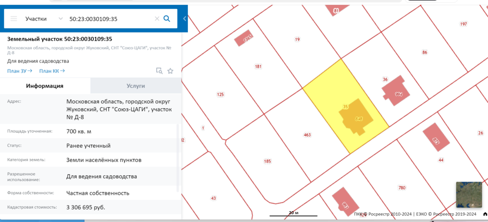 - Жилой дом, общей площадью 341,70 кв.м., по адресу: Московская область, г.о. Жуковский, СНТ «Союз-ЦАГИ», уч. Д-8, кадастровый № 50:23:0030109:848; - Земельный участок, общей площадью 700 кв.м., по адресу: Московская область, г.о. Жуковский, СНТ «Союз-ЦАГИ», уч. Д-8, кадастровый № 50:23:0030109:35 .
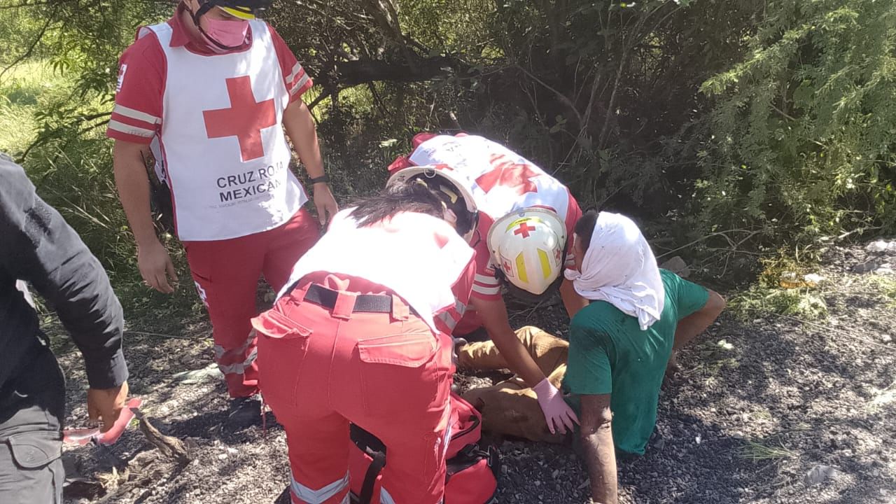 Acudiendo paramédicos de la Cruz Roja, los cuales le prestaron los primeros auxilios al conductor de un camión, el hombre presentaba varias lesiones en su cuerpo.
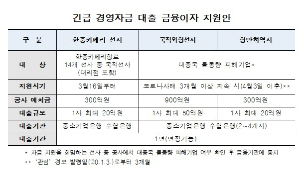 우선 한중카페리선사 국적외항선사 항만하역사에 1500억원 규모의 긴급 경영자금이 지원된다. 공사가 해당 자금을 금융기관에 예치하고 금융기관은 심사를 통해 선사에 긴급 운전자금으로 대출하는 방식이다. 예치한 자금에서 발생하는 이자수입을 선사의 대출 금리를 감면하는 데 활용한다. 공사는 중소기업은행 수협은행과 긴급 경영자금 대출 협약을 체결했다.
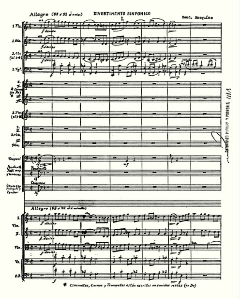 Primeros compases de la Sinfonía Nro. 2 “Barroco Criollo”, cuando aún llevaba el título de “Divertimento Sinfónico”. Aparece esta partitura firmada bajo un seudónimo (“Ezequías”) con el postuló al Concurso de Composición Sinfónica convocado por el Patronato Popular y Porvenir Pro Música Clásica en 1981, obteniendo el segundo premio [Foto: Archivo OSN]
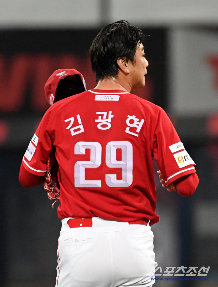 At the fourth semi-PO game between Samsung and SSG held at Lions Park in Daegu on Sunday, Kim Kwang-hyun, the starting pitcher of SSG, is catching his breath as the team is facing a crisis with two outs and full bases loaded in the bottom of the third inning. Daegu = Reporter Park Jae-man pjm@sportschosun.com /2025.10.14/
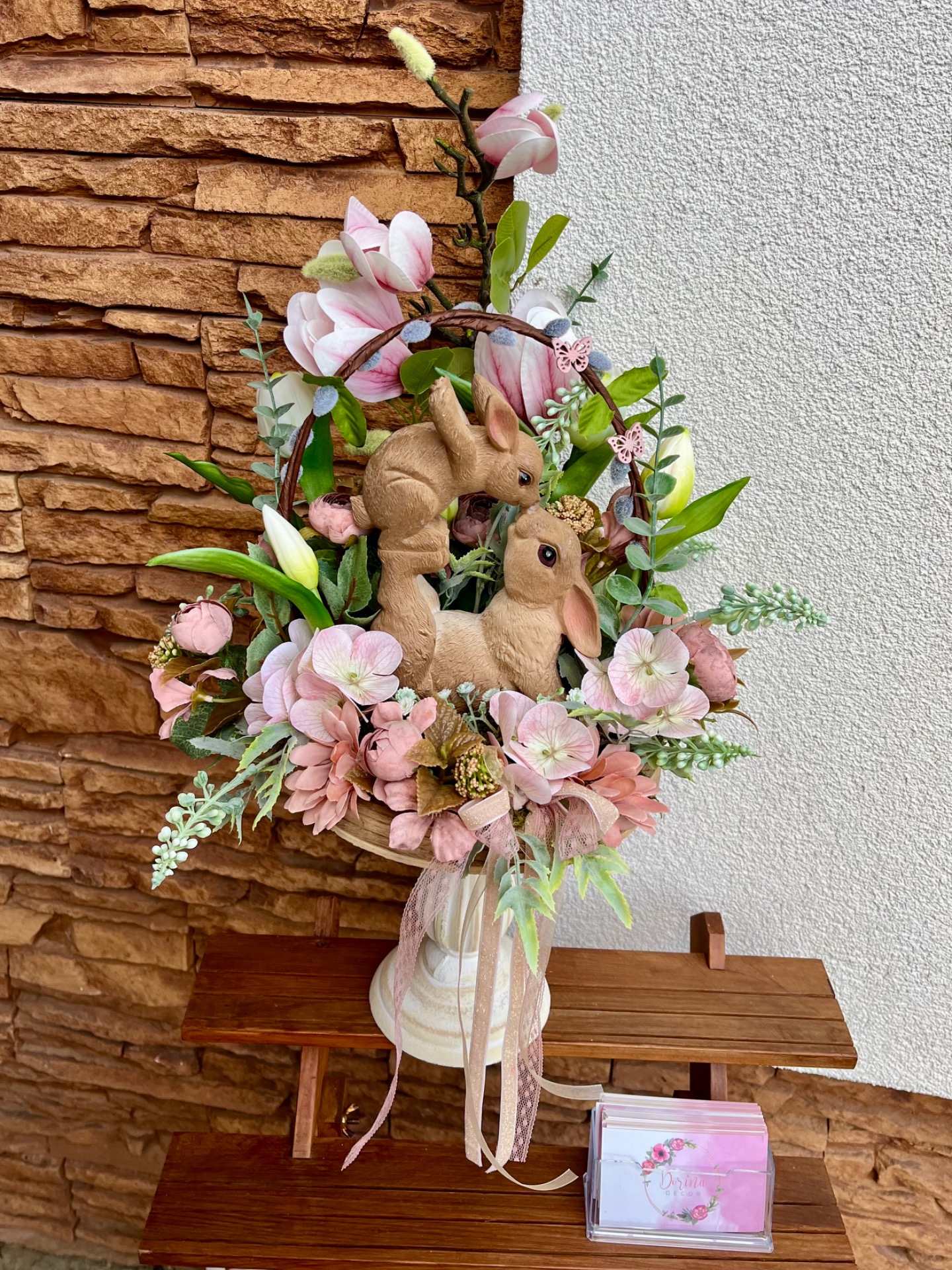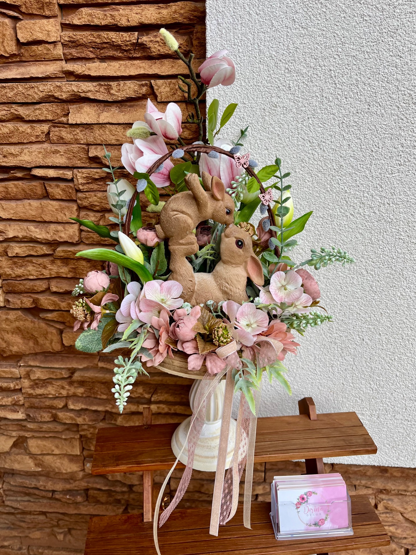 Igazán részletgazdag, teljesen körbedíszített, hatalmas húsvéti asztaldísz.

************

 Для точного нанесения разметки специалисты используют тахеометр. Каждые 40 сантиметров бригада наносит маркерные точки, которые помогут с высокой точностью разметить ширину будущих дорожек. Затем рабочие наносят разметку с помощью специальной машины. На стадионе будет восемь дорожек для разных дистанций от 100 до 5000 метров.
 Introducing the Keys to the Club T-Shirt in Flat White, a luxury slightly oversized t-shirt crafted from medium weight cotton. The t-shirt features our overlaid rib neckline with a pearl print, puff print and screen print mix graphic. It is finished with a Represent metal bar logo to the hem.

************

What is being asked ->
Leave the pictures out, and transcribe exactly the lines above starting at the one that contains "Primeros compases de" and ending at the one that contains "Igazán részletgazdag, teljesen".

Response area ->
 Primeros compases de la Sinfonía Nro. 2 “Barroco Criollo”, cuando aún llevaba el título de “Divertimento Sinfónico”. Aparece esta partitura firmada bajo un seudónimo (“Ezequías”) con el postuló al Concurso de Composición Sinfónica convocado por el Patronato Popular y Porvenir Pro Música Clásica en 1981, obteniendo el segundo premio [Foto: Archivo OSN]
 At the fourth semi-PO game between Samsung and SSG held at Lions Park in Daegu on Sunday, Kim Kwang-hyun, the starting pitcher of SSG, is catching his breath as the team is facing a crisis with two outs and full bases loaded in the bottom of the third inning. Daegu = Reporter Park Jae-man pjm@sportschosun.com /2025.10.14/
 Igazán részletgazdag, teljesen körbedíszített, hatalmas húsvéti asztaldísz.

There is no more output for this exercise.